◆ **Task goal**: Please write out exactly the line containing "洪尚秀和金敏喜这段不被认可的" below and every line after it, through the last one, but leave out any pictures.

◆ **Dataset content**:
——————————
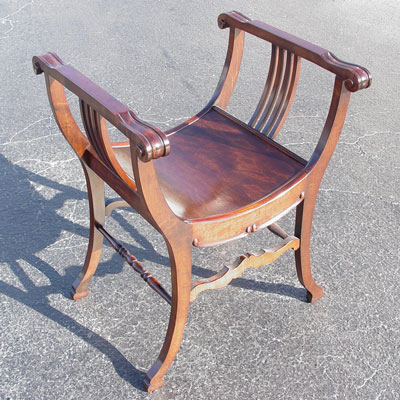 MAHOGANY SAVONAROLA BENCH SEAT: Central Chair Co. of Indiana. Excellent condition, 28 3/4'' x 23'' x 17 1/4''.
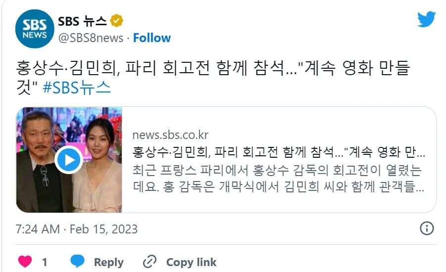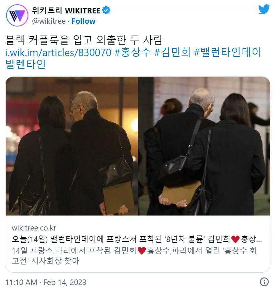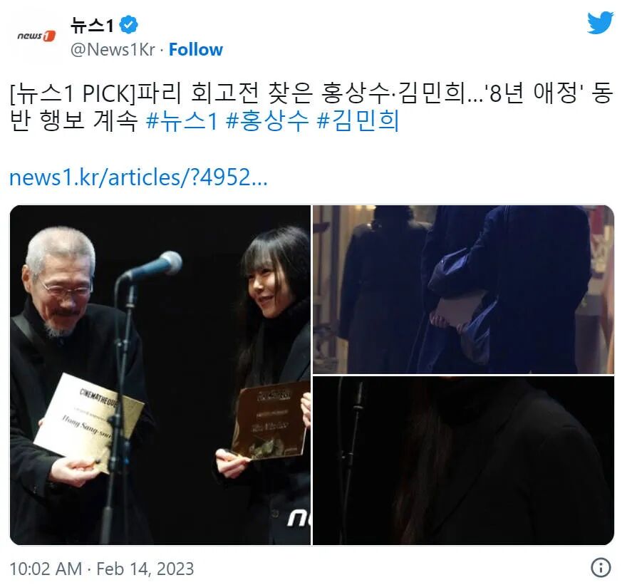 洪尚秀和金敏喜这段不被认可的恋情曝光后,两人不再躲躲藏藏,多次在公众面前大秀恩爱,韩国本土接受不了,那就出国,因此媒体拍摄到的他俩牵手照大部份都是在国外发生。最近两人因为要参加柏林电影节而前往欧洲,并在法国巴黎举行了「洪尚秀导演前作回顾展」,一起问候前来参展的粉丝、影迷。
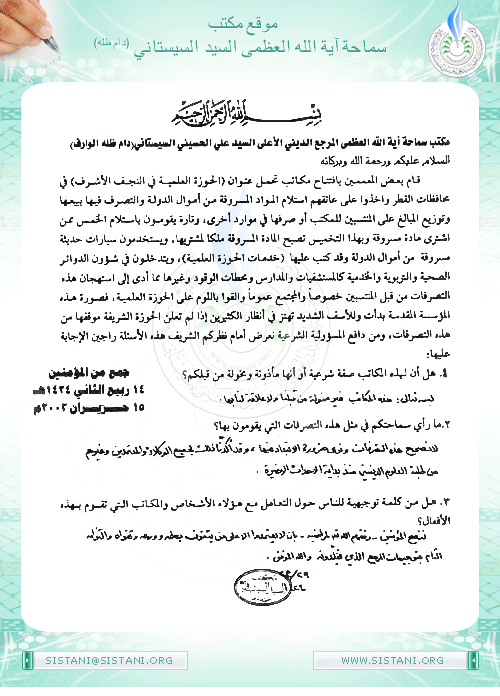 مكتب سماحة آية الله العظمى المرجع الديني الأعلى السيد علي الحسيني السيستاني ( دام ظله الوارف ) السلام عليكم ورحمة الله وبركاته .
——————————
◆ **Output of the exercise**:
 洪尚秀和金敏喜这段不被认可的恋情曝光后,两人不再躲躲藏藏,多次在公众面前大秀恩爱,韩国本土接受不了,那就出国,因此媒体拍摄到的他俩牵手照大部份都是在国外发生。最近两人因为要参加柏林电影节而前往欧洲,并在法国巴黎举行了「洪尚秀导演前作回顾展」,一起问候前来参展的粉丝、影迷。
 مكتب سماحة آية الله العظمى المرجع الديني الأعلى السيد علي الحسيني السيستاني ( دام ظله الوارف ) السلام عليكم ورحمة الله وبركاته .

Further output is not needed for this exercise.